Directions →
When you reach the line with "Окномойка с телескопической" in the records below, begin transcribing exactly and continue up to and including the line with "Retarget한 Fire 애니메이션을", leaving out every picture.

*** Opening of Stored data ***

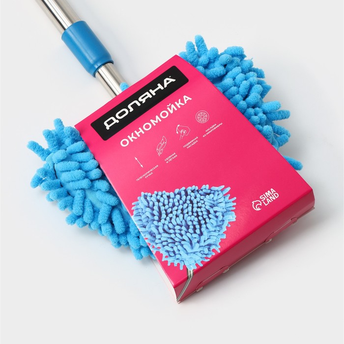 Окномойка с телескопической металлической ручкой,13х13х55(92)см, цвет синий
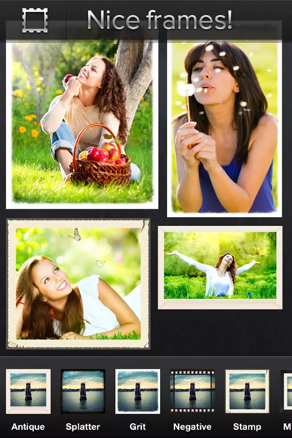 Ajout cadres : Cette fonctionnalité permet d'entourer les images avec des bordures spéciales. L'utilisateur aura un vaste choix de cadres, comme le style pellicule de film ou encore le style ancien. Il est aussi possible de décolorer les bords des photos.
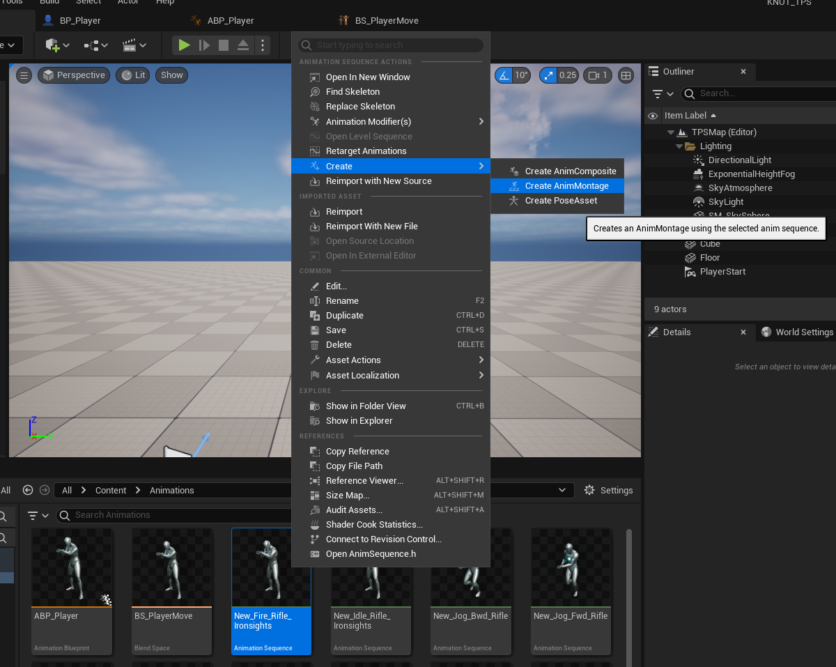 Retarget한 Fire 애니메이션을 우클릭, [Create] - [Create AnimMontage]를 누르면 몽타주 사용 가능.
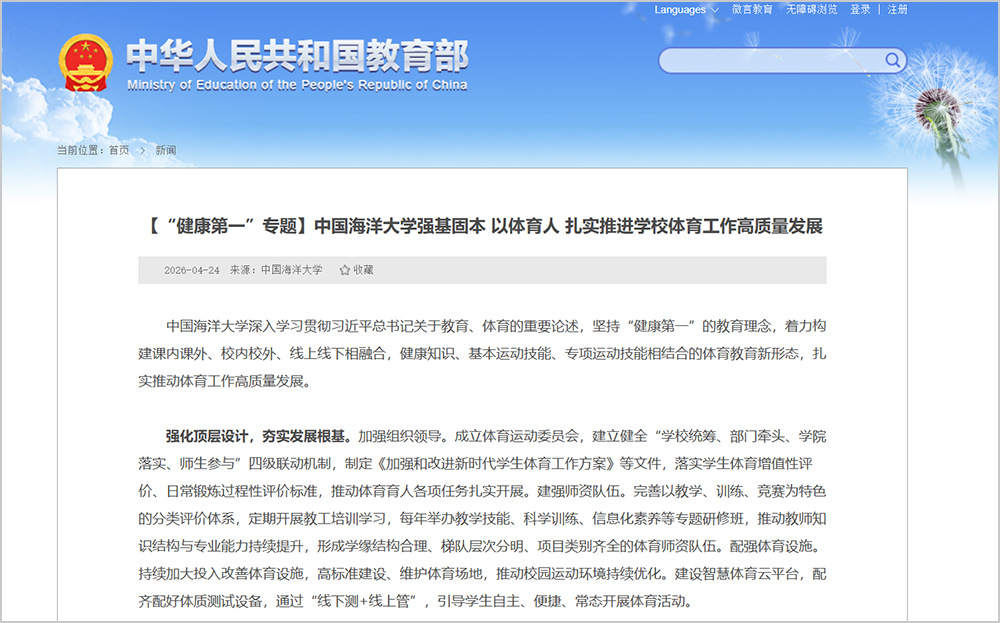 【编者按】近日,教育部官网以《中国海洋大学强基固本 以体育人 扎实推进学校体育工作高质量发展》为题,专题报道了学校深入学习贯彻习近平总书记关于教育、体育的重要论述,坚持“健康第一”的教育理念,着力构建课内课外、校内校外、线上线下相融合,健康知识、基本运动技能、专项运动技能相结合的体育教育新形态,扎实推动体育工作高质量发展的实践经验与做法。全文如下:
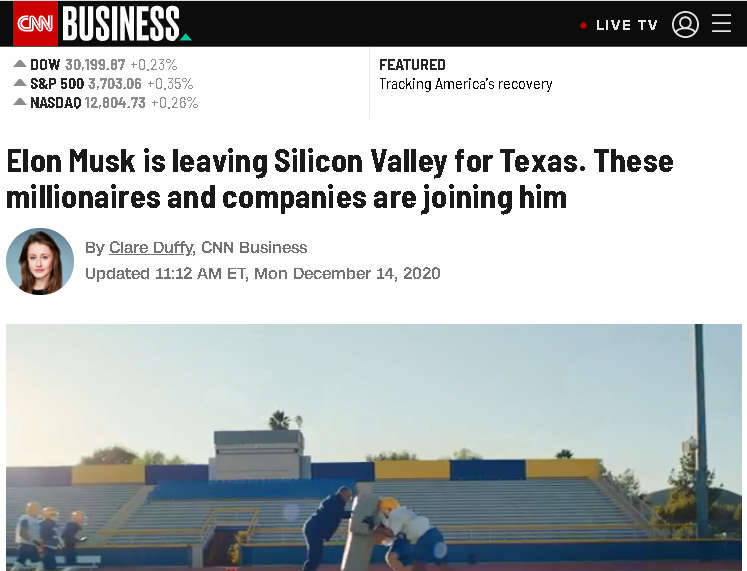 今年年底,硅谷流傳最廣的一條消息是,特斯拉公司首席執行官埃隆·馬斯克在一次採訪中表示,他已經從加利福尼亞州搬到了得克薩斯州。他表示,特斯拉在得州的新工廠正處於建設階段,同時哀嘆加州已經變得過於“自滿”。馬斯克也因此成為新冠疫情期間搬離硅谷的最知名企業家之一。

*** Close of Stored data ***
*** Opening of Stored data ***

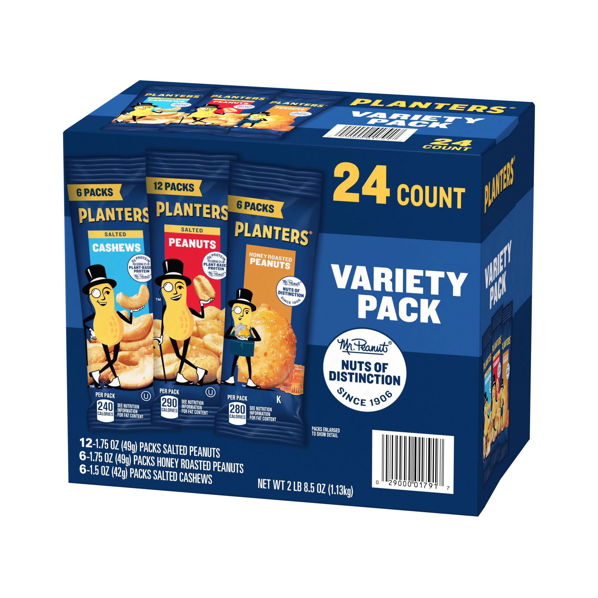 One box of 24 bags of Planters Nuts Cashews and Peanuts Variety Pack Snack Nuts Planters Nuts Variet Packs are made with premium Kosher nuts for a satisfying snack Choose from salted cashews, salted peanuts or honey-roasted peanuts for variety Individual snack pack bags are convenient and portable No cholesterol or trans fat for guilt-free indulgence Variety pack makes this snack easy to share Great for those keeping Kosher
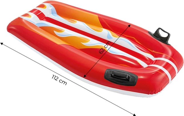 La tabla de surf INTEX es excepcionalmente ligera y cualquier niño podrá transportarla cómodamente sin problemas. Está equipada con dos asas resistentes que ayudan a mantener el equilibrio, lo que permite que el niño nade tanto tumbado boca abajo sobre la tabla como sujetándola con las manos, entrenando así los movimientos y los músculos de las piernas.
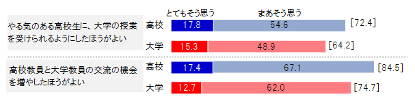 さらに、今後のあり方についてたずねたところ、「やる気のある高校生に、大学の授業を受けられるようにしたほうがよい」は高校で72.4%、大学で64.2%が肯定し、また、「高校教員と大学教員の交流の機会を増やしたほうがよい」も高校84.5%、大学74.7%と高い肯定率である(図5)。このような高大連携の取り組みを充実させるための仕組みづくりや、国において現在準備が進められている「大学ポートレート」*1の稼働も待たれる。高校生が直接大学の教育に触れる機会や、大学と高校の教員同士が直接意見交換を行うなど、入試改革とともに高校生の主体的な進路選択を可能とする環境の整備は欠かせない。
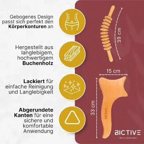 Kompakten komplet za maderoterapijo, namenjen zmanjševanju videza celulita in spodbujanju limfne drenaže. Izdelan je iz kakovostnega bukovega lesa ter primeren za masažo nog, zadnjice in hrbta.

*** Close of Stored data ***
*** Opening of Stored data ***

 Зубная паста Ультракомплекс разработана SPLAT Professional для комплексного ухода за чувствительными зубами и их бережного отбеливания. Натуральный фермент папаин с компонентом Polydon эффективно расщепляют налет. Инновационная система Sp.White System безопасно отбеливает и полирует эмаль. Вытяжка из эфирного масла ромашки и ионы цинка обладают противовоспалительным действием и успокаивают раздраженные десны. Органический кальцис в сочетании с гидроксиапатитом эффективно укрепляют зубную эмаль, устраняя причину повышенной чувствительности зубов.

*** Close of Stored data ***

Exercise solution →
 Окномойка с телескопической металлической ручкой,13х13х55(92)см, цвет синий
 Ajout cadres : Cette fonctionnalité permet d'entourer les images avec des bordures spéciales. L'utilisateur aura un vaste choix de cadres, comme le style pellicule de film ou encore le style ancien. Il est aussi possible de décolorer les bords des photos.
 Retarget한 Fire 애니메이션을 우클릭, [Create] - [Create AnimMontage]를 누르면 몽타주 사용 가능.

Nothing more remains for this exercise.